[RECORDS SHOWN]

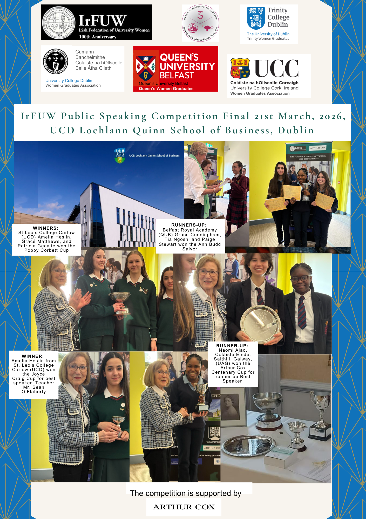 Arthur Cox LLP the competition's main sponsor states that “We are proud to support the competition and would like to send huge congratulations to the finalists and winners this year.” The IrFUW is deeply grateful to all participating associations, organisers, and to Arthur Cox LLP for their continued sponsorship in empowering the next generation.
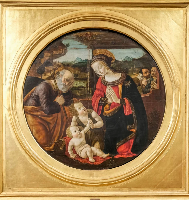 La tempera sur panneau révèle sa délicatesse dans chaque coup de pinceau. Le format circulaire, appelé tondo, concentre tous les regards vers l’Enfant Jésus au centre. La Vierge en robe rouge et or se penche avec une tendresse infinie. Saint Joseph, au visage marqué, tient son bâton avec dignité. Le petit saint Jean-Baptiste, debout, tient le Christ en adoration. Deux bergers apparaissent à droite : l’un porte un agneau sur ses épaules. Au-delà de la hutte rudimentaire, un paysage montagneux foisonnant s’étend, peuplé de minuscules personnages. Les traits nordiques de Joseph contrastent avec la douceur florentine de Marie.
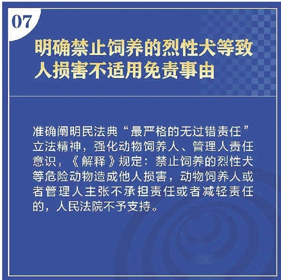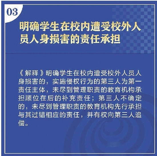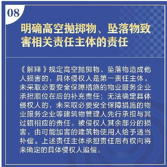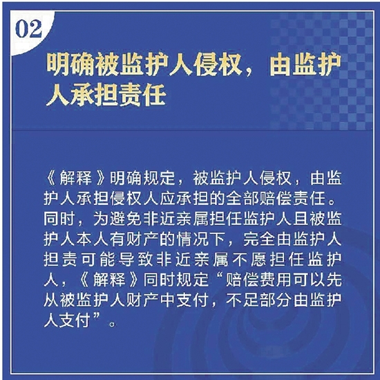 司法解释明确规定,被监护人侵权,监护人承担全部责任而非补充责任。同时,明确学生在校内遭受校外人员人身损害的,实施侵权行为的第三人为第一责任主体,未尽到管理职责的教育机构承担顺位在后的补充责任;明确缺陷产品造成产品自损属于产品责任赔偿范围;明确禁止饲养的烈性犬等危险动物致人损害不适用免责事由;明确高空抛掷物、坠落物致害相关责任主体的责任等。
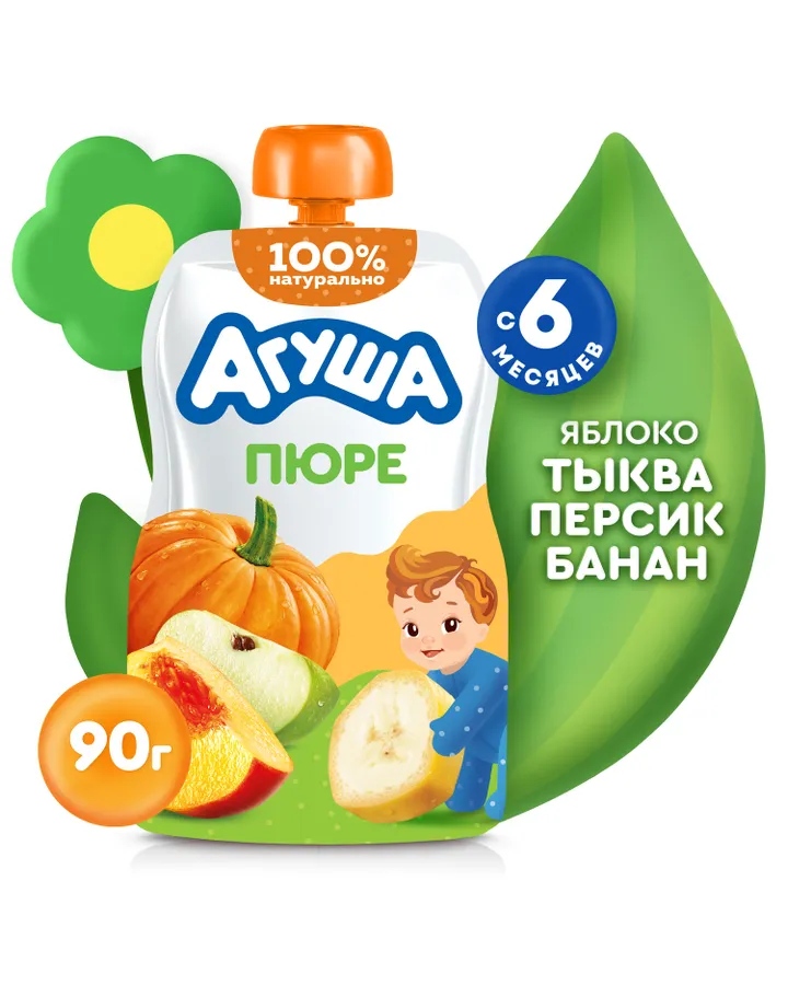Пюре Агуша Яблоко-тыква-персик-банан с 6 мес 90 г
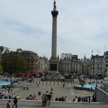 正面には4~50mの高さの円柱の上にネルソン提督の像があり、その台座の四隅を東京・三越のライオン像のモデルになった4頭のライオン像が守っています。

[/RECORDS SHOWN]

# HOW TO COMPLETE THIS TASK
Return each record above as it stands. Pictures stay out.

# EXPECTED ANSWER
 Arthur Cox LLP the competition's main sponsor states that “We are proud to support the competition and would like to send huge congratulations to the finalists and winners this year.” The IrFUW is deeply grateful to all participating associations, organisers, and to Arthur Cox LLP for their continued sponsorship in empowering the next generation.
 La tempera sur panneau révèle sa délicatesse dans chaque coup de pinceau. Le format circulaire, appelé tondo, concentre tous les regards vers l’Enfant Jésus au centre. La Vierge en robe rouge et or se penche avec une tendresse infinie. Saint Joseph, au visage marqué, tient son bâton avec dignité. Le petit saint Jean-Baptiste, debout, tient le Christ en adoration. Deux bergers apparaissent à droite : l’un porte un agneau sur ses épaules. Au-delà de la hutte rudimentaire, un paysage montagneux foisonnant s’étend, peuplé de minuscules personnages. Les traits nordiques de Joseph contrastent avec la douceur florentine de Marie.
 司法解释明确规定,被监护人侵权,监护人承担全部责任而非补充责任。同时,明确学生在校内遭受校外人员人身损害的,实施侵权行为的第三人为第一责任主体,未尽到管理职责的教育机构承担顺位在后的补充责任;明确缺陷产品造成产品自损属于产品责任赔偿范围;明确禁止饲养的烈性犬等危险动物致人损害不适用免责事由;明确高空抛掷物、坠落物致害相关责任主体的责任等。
Пюре Агуша Яблоко-тыква-персик-банан с 6 мес 90 г
 正面には4~50mの高さの円柱の上にネルソン提督の像があり、その台座の四隅を東京・三越のライオン像のモデルになった4頭のライオン像が守っています。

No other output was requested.